Kim’s aim to portray sign language through music is epitomized by The Star Spangled Banner (2020). Instead of merely conveying raw emotion, the drawing—the notation for Kim’s ASL interpretation of Demi Lovato’s 2020 Super Bowl performance of the National Anthem—is a scathing political critique of America. There’s no staff; the drawing is a jumbled mess of quarter, eighth, half, and sixteenth notes. They’re scattered, out of order, and spread across the canvas like disparate crumbs of music. The notes, labeled with words from the anthem’s lyrics, correspond to Kim’s movements in the performance. An eighth note labeled “ROCKET”  connects across the canvas to another eighth labeled “GLARE,” mirroring the growing intensity of Kim’s expressive gestures in her performance—her movement gets warbly and more expressive as Lovato sings that lyric. Specific words from the anthem—“war” on two quarter notes, “bomb” on a set of sixteenth notes, and “brick” on a quarter—are smacked in the middle of the canvas. With the canvas’s chaotic structure, it’s the age-old critique of America and its military—she’s picking easy targets. 

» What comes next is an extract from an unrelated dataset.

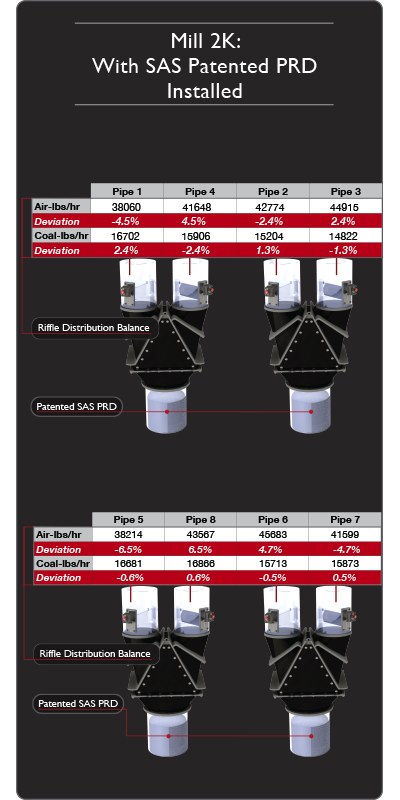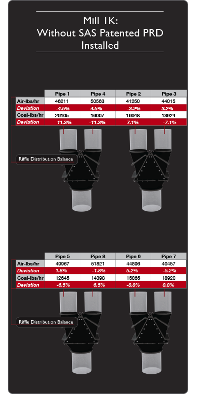 Mill 1K and 2K are identical mills with identical piping configurations. Mill 1K does not have SAS Patented Pre-Riffle Diffusers installed, while Mill 2K does. The charts to the right show a dramatic improvement in the fuel pipe balance thru the riffles.

The Star Spangled Banner is not necessarily a coherent, ideological deconstruction; as in Degrees of Deaf Rage, it’s petty, spontaneous fury—but this time, done with direct intention. In an op-ed Kim wrote for the The New York Times, she describes Fox Sports cutting away from her performance several times, barely showing her on the broadcast. “Although thrilled and excited to be on the field serving the deaf community,” Kim wrote, she “was angry and exasperated.” She recalled that she initially “needed to process some internal conflict before accepting [the performance],” since “being deaf in America has always been political.” (Throughout the past decade, there’s been a pattern of cops brutalizing and killing innocent and unarmed deaf people, which Kim brought up as an example).  Kim supplemented her disillusionment with the American establishment with assurances that she was proud to perform at the Super Bowl and proud of America. She incongruously ended her editorial with a concession, ultimately praising the NFL’s “efforts to promote accessibility.” There’s a disparity between the drawing and the conciliatory nature of the article, suggesting that she feels more critical of America than what she expresses in her writing. The Star Spangled Banner feels like Kim’s sublimation of the pent up rage from the article’s concession. She’s highlighting America’s most blatant flaws to embrace her “anger” and “exasperation” at a country synonymous with capitalist oppression. As she stated in the National Endowment interview, in The Star Spangled Banner, visual representations of music and ASL are Kim’s true vehicle for her voice, espousing radical ideas that she avoided in her op-ed. 

Kim’s drawings and diagrams are minimalistic, but that allows her labels and symbology to create a blunt, harsh narrative. Rage permeates All Day All Night, and the straightforwardness of her work makes this viscerally noticeable. The “voice” Kim mentioned to the National Endowment—what she uses her visuals as a vehicle for—is fervent and loud; the exhibit makes this obvious.